- Data excerpt
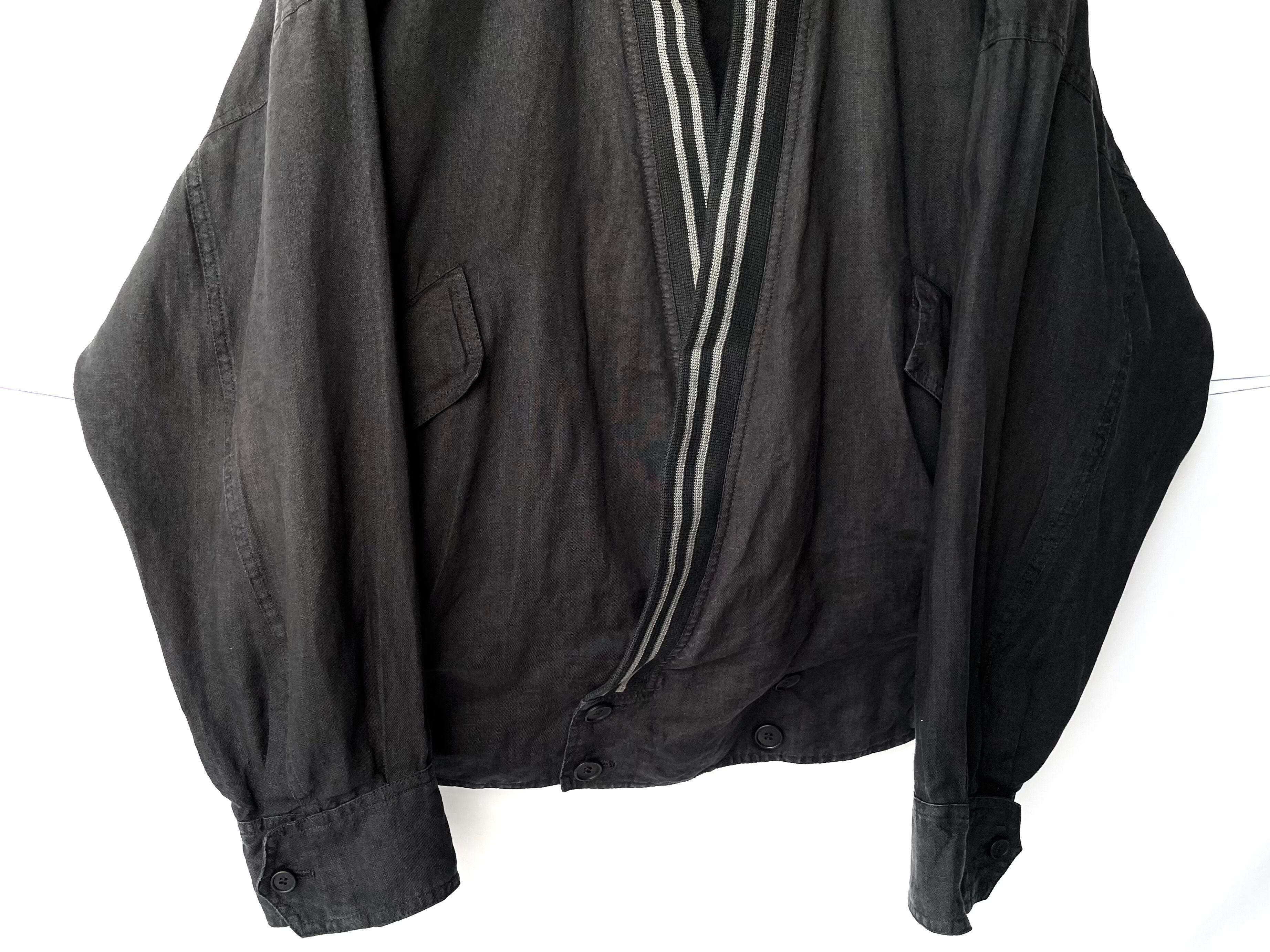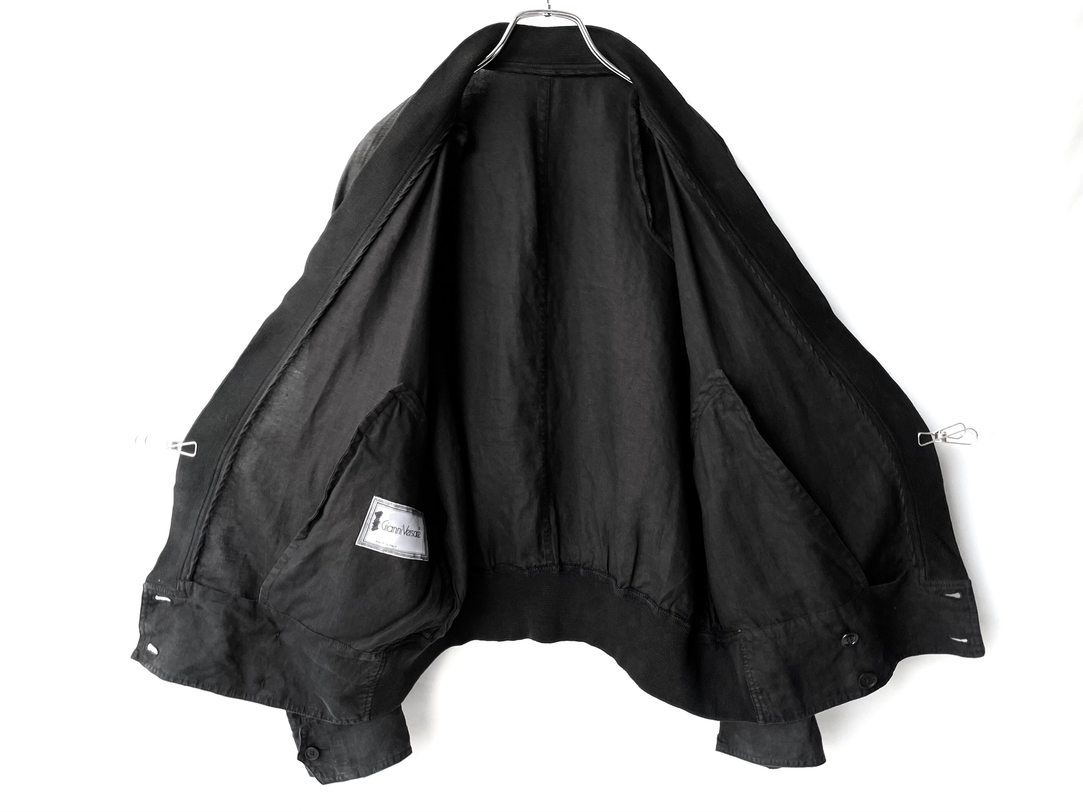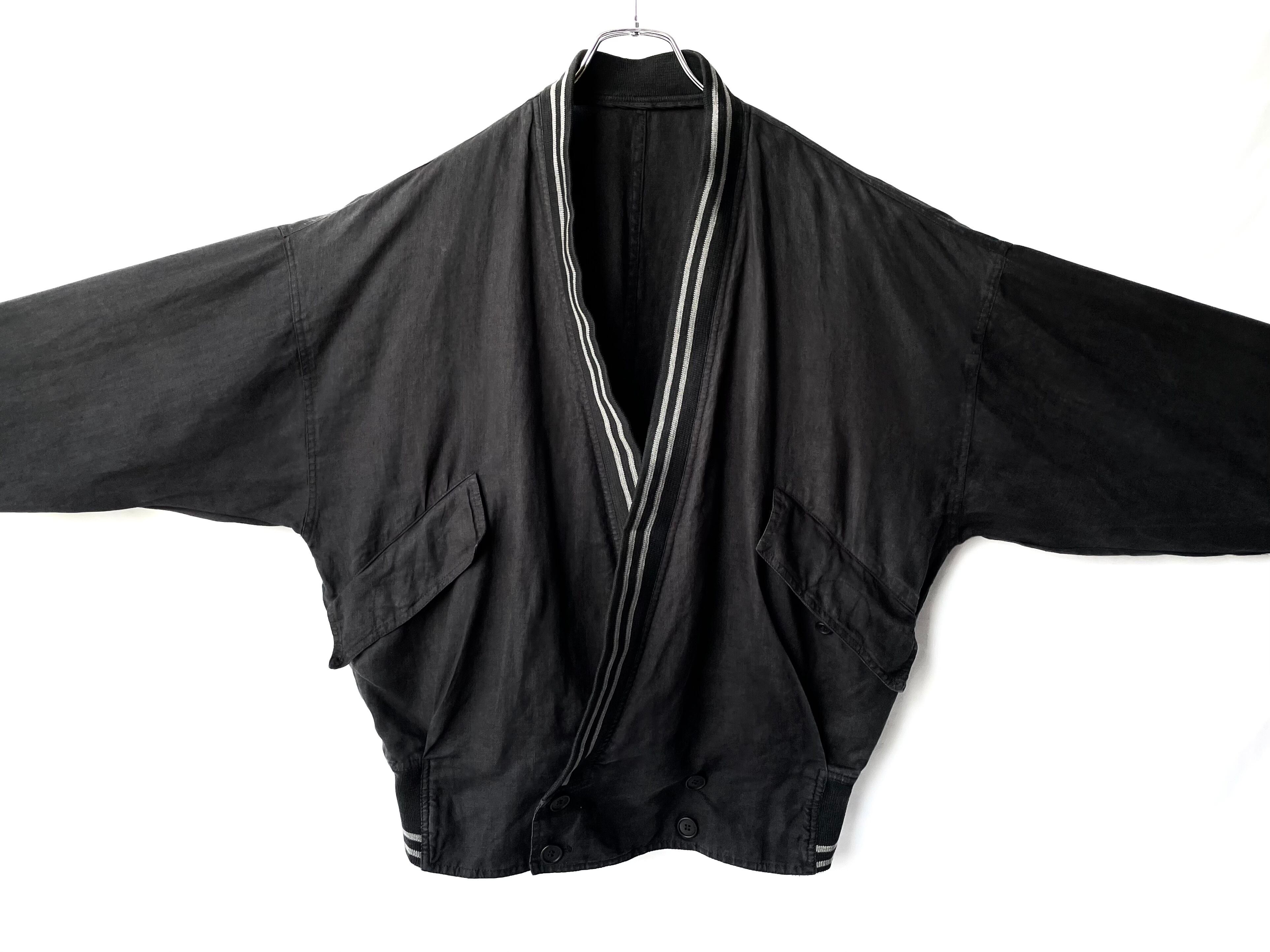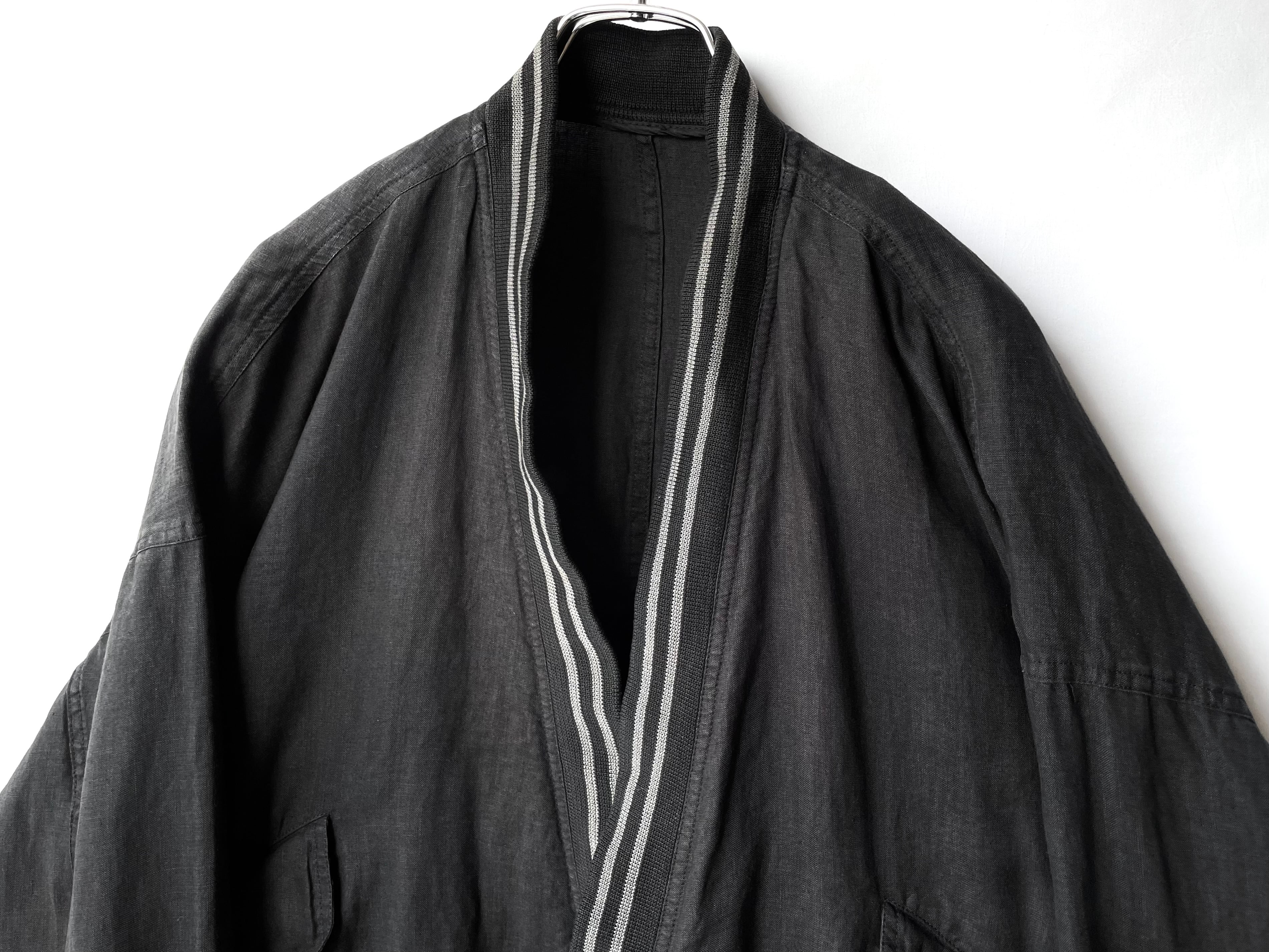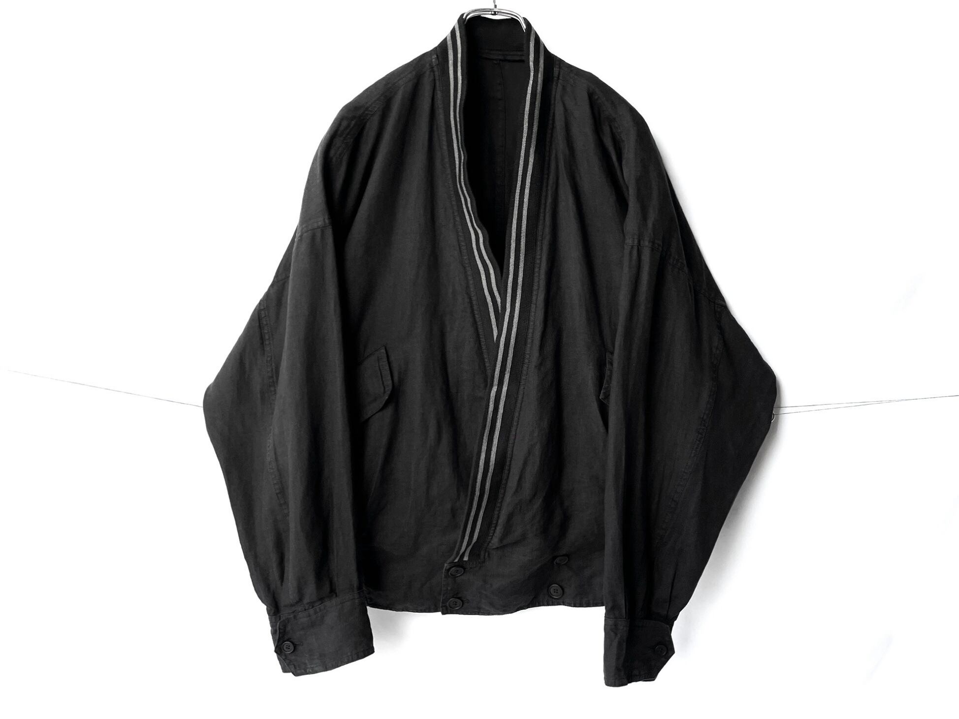A short shirt blouson that combines elements of Japanese Samue with Western sports/workwear.
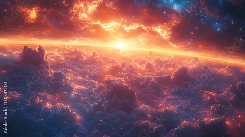 © Lingkan, Naklejka premium Fantasy castle surrounded by floating clouds high resolution hd image
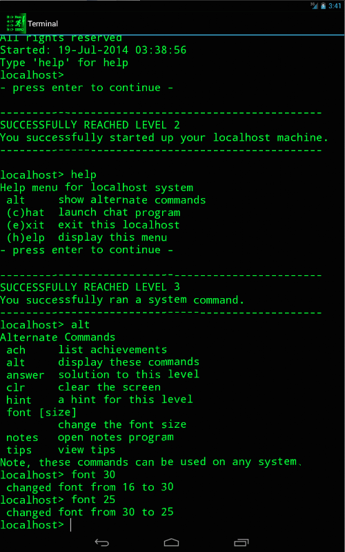 Stuck on a level? Just use the 'hint' or 'answer' commands to help you along.

- What the exercise asks
Reproduce every line above exactly, pictures excluded.

- Answer space
A short shirt blouson that combines elements of Japanese Samue with Western sports/workwear.
 © Lingkan, Naklejka premium Fantasy castle surrounded by floating clouds high resolution hd image
 Stuck on a level? Just use the 'hint' or 'answer' commands to help you along.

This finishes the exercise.